# WORK REQUIRED
In this exercise, the entries below include pictures. Repeat exactly the lines from the line with "サマーニット スリット ゆったり" to the line with "Translation (alislam.org) [7:36]", including both, but without the pictures.

# INFORMATION SUPPLIED
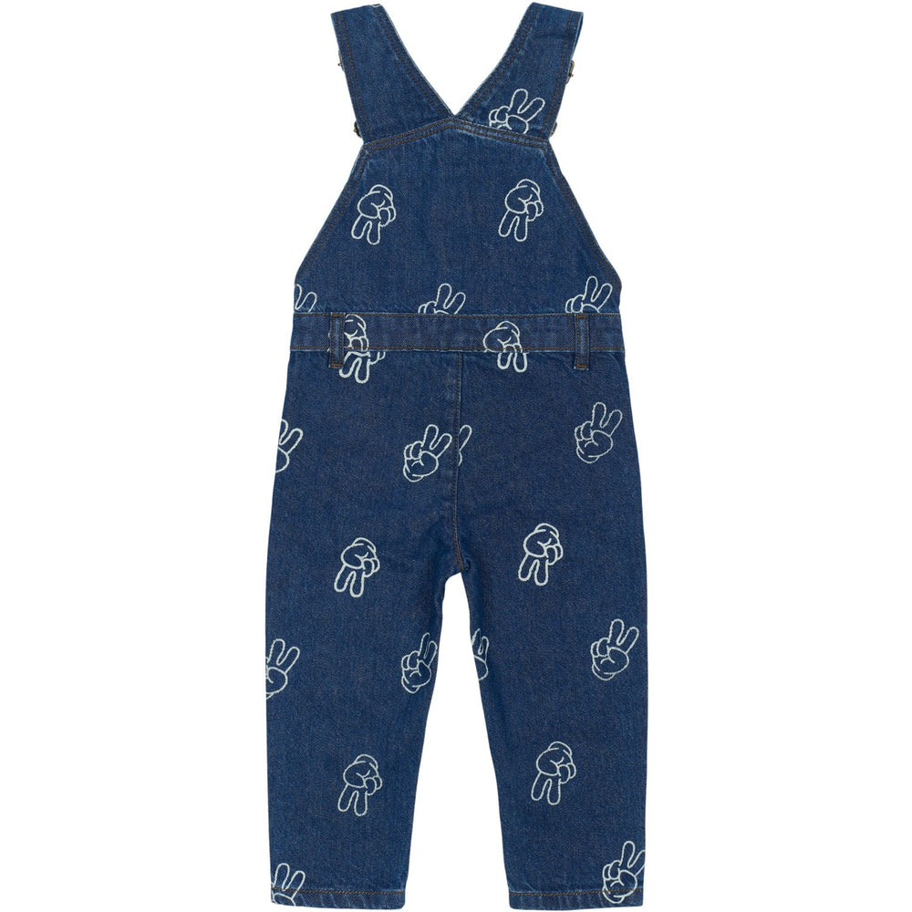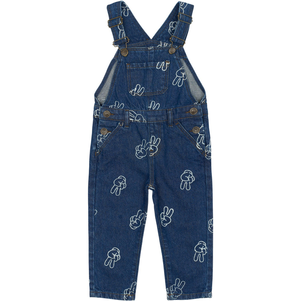 Disse charmerende denim smækbukser er både stilfulde og funktionelle, perfekte til børns hverdagslege. Det tiltalende all-over print med små frække fredstegn tilføjer en sjov vinkel til det klassiske denim. Med nemt justerbare skulderstropper og flere praktiske lommer tilbyder disse bukser en komfortabel og alsidig pasform. Designet er ideelt til både udendørs eventyr og rolig indendørs leg, hvilket gør dem til et must-have i enhver børnegarderobe.
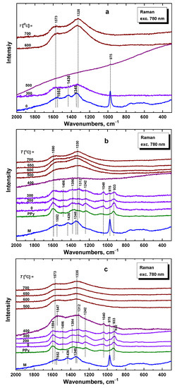 Raman spectra supported the results obtained by infrared spectroscopy. The spectrum of neat melamine sponge (M) recorded with a 780 nm laser excitation at the ambient temperature showed bands with maxima at 1552, 1436, and 1348 cm−1, and a sharp peak at 975 cm−1 (Figure 8a). They were transformed into two broad bands with maxima at 1573 and 1328 cm−1 at a temperature of 300 °C, and later at 600 and 700 °C. It was found that melamine was thermally stable and the first decomposition changes occurred only at 400 °C (Figure 3).
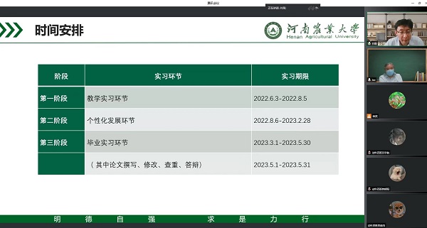 今年的实习工作因为疫情防控等特殊因素,在具体形式上有所变换,但是,学院对实习任务的要求依然是高标准的,请大家及时完成角色转换,高质量完成实习工作;三要端正态度,放平心态
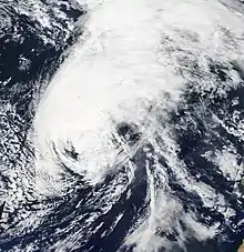 Lorenzo's peak was short-lived because of increasing wind shear, cooler waters, and an intrusion of dry air; the hurricane lost its Category 5 status 3 hours after peak intensity, and weakened faster than it had strengthened.[2] By 18:00 UTC, only 15 hours after peak intensity, it had weakened below major hurricane strength.[2] The hurricane's large size caused it to upwell cool water. Early on October 2, Lorenzo began extratropical transition, passing west of Flores Island. By this time, it had weakened to a Category 1 hurricane, but still brought hurricane-force winds to the islands.[2] Lorenzo became fully extratropical by 12:00 UTC on 2 October.[2] The extratropical cyclone continued moving quickly northeastward, maintaining an expansive wind field, which resulted in an extended period of gale-force winds for Ireland. On 4 October, Lorenzo's remnant made landfall on Ireland, and the low-level circulation center of the cyclone became ill-defined shortly thereafter.[2] However, Lorenzo's extratropical remnant persisted for another few days, with the storm moving southeastward, moving over Germany on 5 October.[6] Afterward, Lorenzo's remnant continued its southeastward motion while gradually weakening, before dissipating over Romania on 7 October.[7][8]
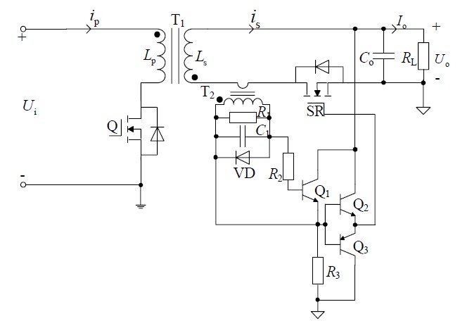 該驅(qū)動(dòng)電路的基本工作原理:電流互感器T2 與次級同步整流管SR 串聯(lián)在同一支路,用來檢測SR 的電流。當(dāng)有電流流過SR 的體二極管,則在電流互感器的二次側(cè)感應(yīng)出電流,該電流通過R1 轉(zhuǎn)變成電壓,當(dāng)電壓值達(dá)到并超過晶體管Q1 的發(fā)射結(jié)正向電壓時(shí),Q1 導(dǎo)通,達(dá)到二極管VD 導(dǎo)通電壓時(shí),VD 導(dǎo)通對其箝位。晶體管Q1 導(dǎo)通后,輸出電壓通過圖騰柱輸出電路驅(qū)動(dòng)SR 開通。當(dāng)SR 中的電流在電流互感器二次側(cè)電阻R1 上的采樣電壓降低到Q1 的導(dǎo)通閾值以下時(shí),Q1 關(guān)斷,SR 關(guān)斷。
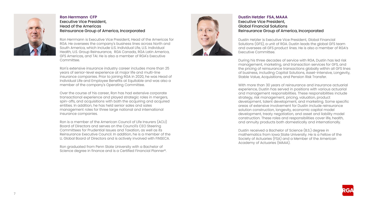 Ron Herrmann CFP Dustin Hetzler FSA,MAAA执行副总裁、执行副总裁、美洲全球金融解决方案负责人美国再保险集团、Incorporated 美国再保险集团、Incorporated Ron Herrmann为执行副总裁,Dustin Hetzler为美洲负责人,为全球金融执行副总裁RGA。他负责监督公司在North和Solutions(GFS)的业务线,这是RGA的一个部门。达斯汀领衔全球GFS团队南美洲,该团队包括美国个人人寿、美国个人并监督所有GFS产品线。他还是RGA健康、U.S. Group Reinsurance、RGA加拿大、RGA拉丁美洲执行委员会成员。GFS Americas和TAI。他也是RGA执行委员会的成员。在为RGA服务的三十年中,Dustin领导了GFS的风险管理、营销和交易服务,Ron拥有广泛的保险行业职业生涯,其中包括在全球所有GFS线内的再保险交易定价领域拥有超过25年的主要人寿和多线业务的高级经验,包括资本解决方案、资产密集型、长寿、保险公司。在2020年加入RGA之前,他曾担任稳定价值、收购、养老风险转移主管。Equitable的个人人寿和员工福利,也是该公司运营委员会的成员。凭借30多年的再保险和保险精算经验,Dustin曾在多个精算岗位任职在他的职业生涯中,Ron承担了广泛的公司和管理职责。这些职责包括交易经验,并在并购、战略、风险管理、定价、估值、产品分拆、收购中发挥战略作用,同时兼顾并购发展、人才发展和市场营销。一些特定实体。此外,他还担任过达斯汀高级销售和广泛参与的销售领域,包括三家大型国家和国际解决方案建设、长寿、经济资本模式保险公司的再保险管理角色。开发、条约谈判、资产负债模式建设。这些角色和职责涵盖人寿、健康,罗恩是美国人寿保险公司理事会(ACLI)和国内和国际年金产品的成员。董事会成员,并在该委员会的首席执行官审慎问题和税务指导委员会任职,其Dustin获得了再保险执行委员会的理学学士学位(B.S.)。此外,他还是爱荷华州立大学数学系的一员。他是LL全球董事会成员,并积极参与FINSECA。精算师协会(FSA)和美国精算师学会(MAAA)成员。Ron毕业于宾夕法尼亚州立大学,获得金融学理学学士学位,是一名注册财务规划师®。7
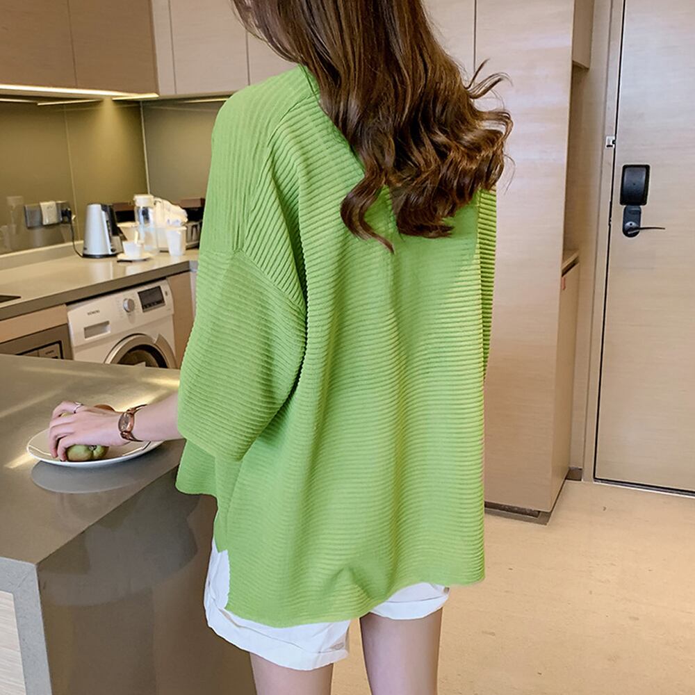 サマーニット スリット ゆったり ニットセーター ドロップショルダー 薄手トップス オフィス きれいめ プルオーバー
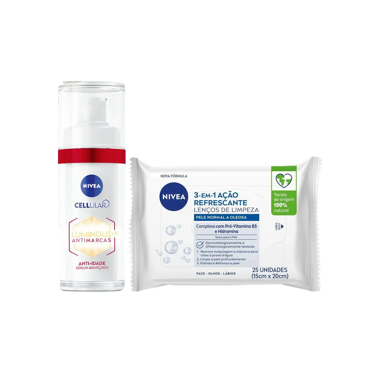Kit Facial Nivea Sérum Cellular Luminous 630® Antimarcas Anti-idade 30ml + Lenço Demaquilante 3 em 1 Ação Refrescante 25 unidades
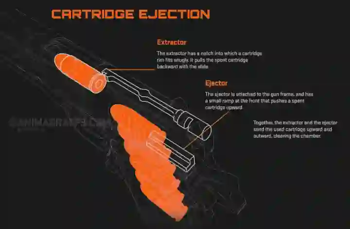 通过击发,引燃发射药产生巨大压力,将弹丸推出。子弹上膛后,扣动扳机,枪内的撞针撞击子弹后面,引发子弹火药,子弹射出的一瞬间,产生的后坐力,就像火箭一样,枪管壁都有螺旋纹理,子弹射出时其实是高速旋转的,这样能确保子弹不偏离航向,更准确的打击目标。
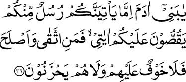 Translation (alislam.org) [7:36] O children of Adam! if Messengers come to you from among yourselves, rehearsing My Signs unto you, then whoso shall fear God and do good deeds, on them shall come no fear nor shall they grieve. اے ابنائے آدم! اگر تمہارے پاس تم میں سے رسول آئیں جو تم پر میری آیات پڑھتے ہوں تو جو بھی تقویٰ اختیار کرے اور اصلاح کرے تو ان لوگوں پر کوئی خوف نہیں ہوگا اور وہ غمگین نہیں ہوں گے۔ |
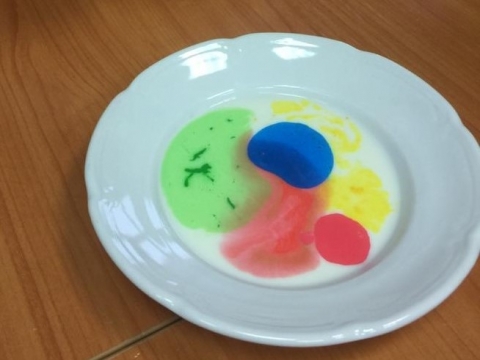 Эксперименты - это всегда занимательно и весело, особенно они нравятся детям. Девочки из 1 группы интерната «Родничок» решили превратить классную комнату в настоящую лабораторию. Химия для детей с особенностями развития не совсем понятна, зато когда жидкость меняет цвет -это вызывает большой интерес. Ну и для себя, честно говоря, полезно сделать парочку открытий из разряда «как я раньше этого не замечала». Делать их несложно, и даже воспитанницы справились с заданиями. В первую очередь познакомились с правилами, которые договорились обязательно выполнять. Использовали только безопасные материалы: молоко, соль, воду, сахар, растительное масло, лёд. Помощникам в работе стали краски, жидкое моющее средство, ватные палочки, зубочистки, салфетки, ножницы.Оказывается, как много в нашей жизни занимает цвет! Цвет помогает узнать, наступила ли весна, какое состояние у человека: бледен он или румянец на щеках. Значит, цвета и их оттенки нужно знать хотя бы для того, чтобы лучше понимать друг друга, понимать окружающее. Девочки солевым раствором прокладывали пути внутрь льдинок и окрашивали их красивыми узорами, смешивали цветные пятна в молоке, раскрашивали салфетки с помощью фломастеров и воды; открыли для себя, что чёрный цвет состоит из красного, зелёного и синего; получали новые цвета. Выполняя опыт «Слияние цветов», девчонки убедились, что если раскрутить разноцветный круг, ты не успеваешь разглядеть все цвета - краски сливаются в один - светло-серый.У нас не получился пока «Сладкий опыт» с сахаром. Попробуем ещё. А вот «Художник из воздуха» пришёлся по душе. Фантазировали вместе, превращая цветовое пятно в реальные предметы. На каждый эксперимент воспитанницы получали пояснение, почему так происходит. На прогулке посыпали дорожки солью, в течение часа наблюдали за взаимодействием соли и льда, были в восторге от простой идеи, объясняющей, как можно избавиться от гололёда.Опыты не только заинтересовали девочек, но и вызвали желание получать знания и самим участвовать в этом увлекательном знакомстве удивительными способностями привычных материалов.
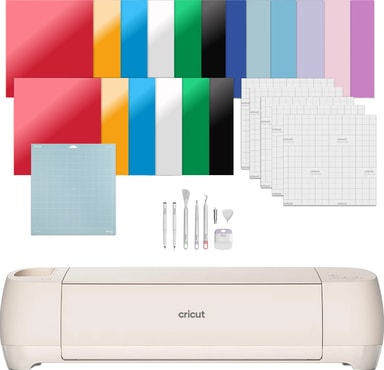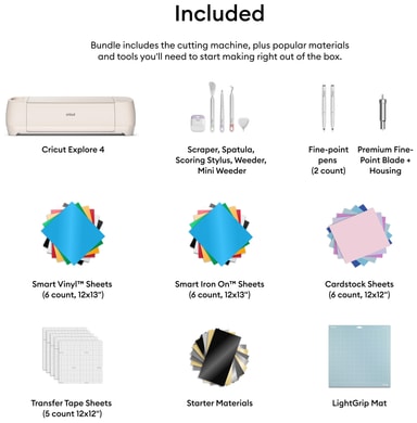 I tillegg til Cricut Explore 4 basispakken inkluderer denne pakken også ekstra materialer og verktøy slik at du kan begynne å lage håndverk med en gang!
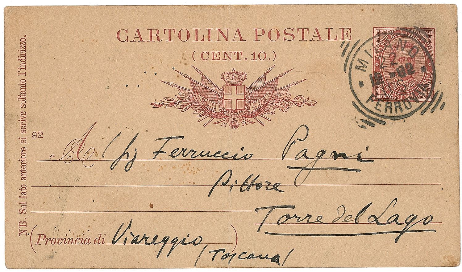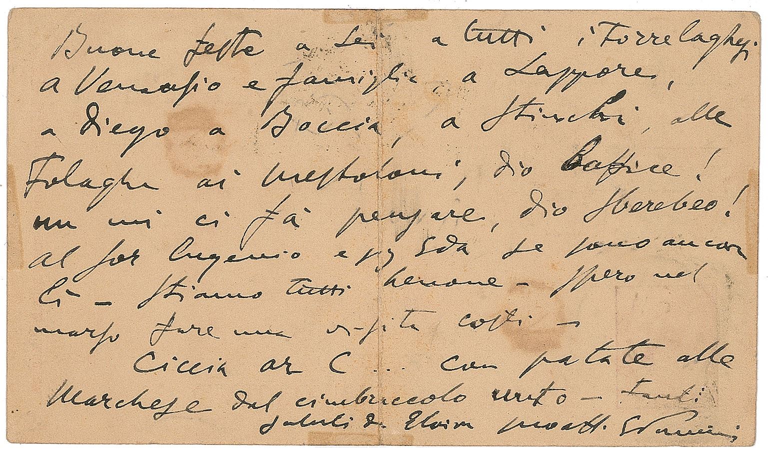 ALS in Italian, signed “G. Puccini,” one page, 5.5 x 3.25, postcard letterhead, no date. Early untranslated letter to the French-Italian painter Ferruccio Pagni. In very good to fine condition, with a central vertical fold, small tape stains at the edges, and two circular stains to the text.

# SOLUTION FOR THIS PROBLEM
 サマーニット スリット ゆったり ニットセーター ドロップショルダー 薄手トップス オフィス きれいめ プルオーバー
Kit Facial Nivea Sérum Cellular Luminous 630® Antimarcas Anti-idade 30ml + Lenço Demaquilante 3 em 1 Ação Refrescante 25 unidades
 通过击发,引燃发射药产生巨大压力,将弹丸推出。子弹上膛后,扣动扳机,枪内的撞针撞击子弹后面,引发子弹火药,子弹射出的一瞬间,产生的后坐力,就像火箭一样,枪管壁都有螺旋纹理,子弹射出时其实是高速旋转的,这样能确保子弹不偏离航向,更准确的打击目标。
 Translation (alislam.org) [7:36] O children of Adam! if Messengers come to you from among yourselves, rehearsing My Signs unto you, then whoso shall fear God and do good deeds, on them shall come no fear nor shall they grieve. اے ابنائے آدم! اگر تمہارے پاس تم میں سے رسول آئیں جو تم پر میری آیات پڑھتے ہوں تو جو بھی تقویٰ اختیار کرے اور اصلاح کرے تو ان لوگوں پر کوئی خوف نہیں ہوگا اور وہ غمگین نہیں ہوں گے۔ |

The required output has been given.